Another club experiencing trouble scoring is Boston, as they have managed a whopping 11 goals in six outings. The problem is they blew seven of them in their two wins while wasting many opportunities in defeat. Without David Krejci (abdomen issue, could be back within a game or two), Tyler Seguin (leads with five) has assumed pivot duties on the first unit and hasn't disappointed. Rich Peverley (three goals) is certainly earning those new dollar bills while Brad Marchand (four, 20 PIM) has filled the stat sheet from both ends. Don't blame Milan Lucic (one, 14 PIM) for a slow start, but you may want to look at why Zdeno Chara (nothing but 25 PIM) seems to have stalled at the starting gate. And yet another goaltending battle is Bruin, er, brewing as old man Tim Thomas (1.98 GAA, .930 SV% in four) will continue to fend off young whippersnapper Tuukka Rask (2.52 GAA, .920 SV% in two) by trying to shoo him off the lawn.

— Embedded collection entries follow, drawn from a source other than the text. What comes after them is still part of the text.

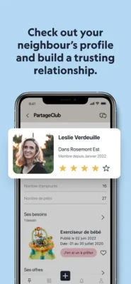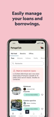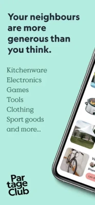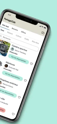 This application will help you buy less. Partage Club is an application that facilitates the lending of objects between neighbours in a safe, positive and unlimited way. The application allows you to limit your consumption, without asking you for a monetary or functional sacrifice. You can lend your objects as well as borrow from your neighbours, via catalogues of goods or by publishing your needs.
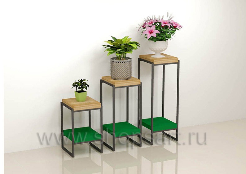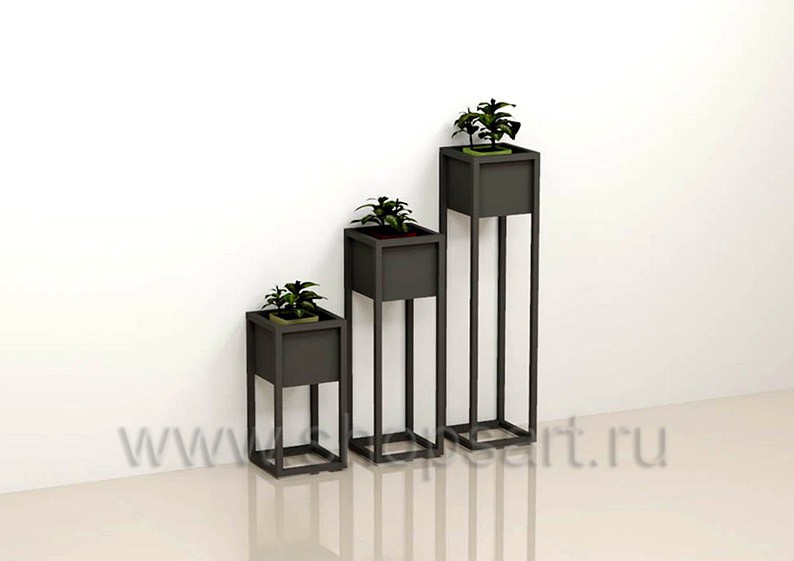 Комплект торговых стоек предназначен для демонстрации горшечных растений, состоит из трех отдельно стоящих демонстрационных стоек, подойдет для оформления торговых витрин магазина цветов или островных конструкций в торговом зале. Каркас изделий выполнен из цельносварной металлической трубы 25х25 мм с покрытием порошковой краской чёрного, матового цвета. Для выкладки товара устанавливаются ящики, выполненные из матового ЛДСП 16 мм. По желанию заказчика изделие может быть выполнено в другом цвете материалов.
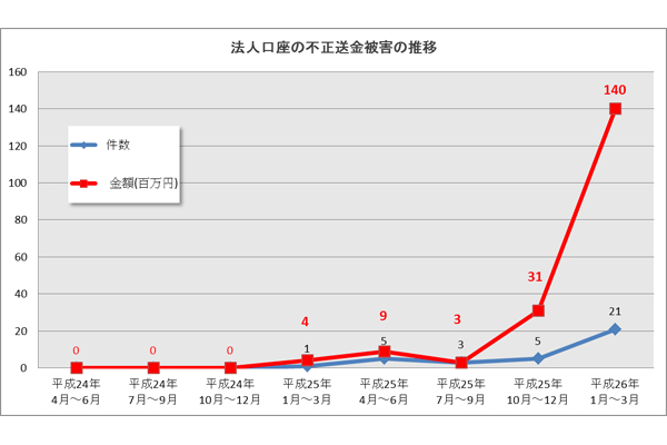 独立行政法人情報処理推進機構(IPA)は、インターネットバンキングにおける不正送金被害が増加傾向にあり、全国銀行協会によるアンケート結果を見ると、過去2年間の法人口座の不正送金被害が2014年に急増しているとして、注意を呼びかける文書を発表した。

Montreal have thrown the puck often at the opposition (first in NHL averaging just under 35 shots a night), but haven't been getting the results (only one win in five). Michael Cammalleri (leg injury, returns Thursday) is proving to be a key commodity out of the lineup. The kids are doing all right, namely Max Pacioretty (five) and David Desharnais (three, but receiving more power-play opportunities). Want to know who isn't doing OK? Erik Cole (one), that's who. Proving once again that you can take the boy out of the man, but don't you dare take the Cole away from the (Eric) Staal. And with Andrei Markov's (post-knee surgery complications) immediate-future up in the air, the Swiss blueline duo of Yannick Weber and Raphael Diaz (both at two) have impressed so far. And while we've detailed the goings-on between the pipes the previous four paragraphs, there's no need to do the same here. Carey Price (2.78 GAA, .890 SV% playing every minute), your job is safe.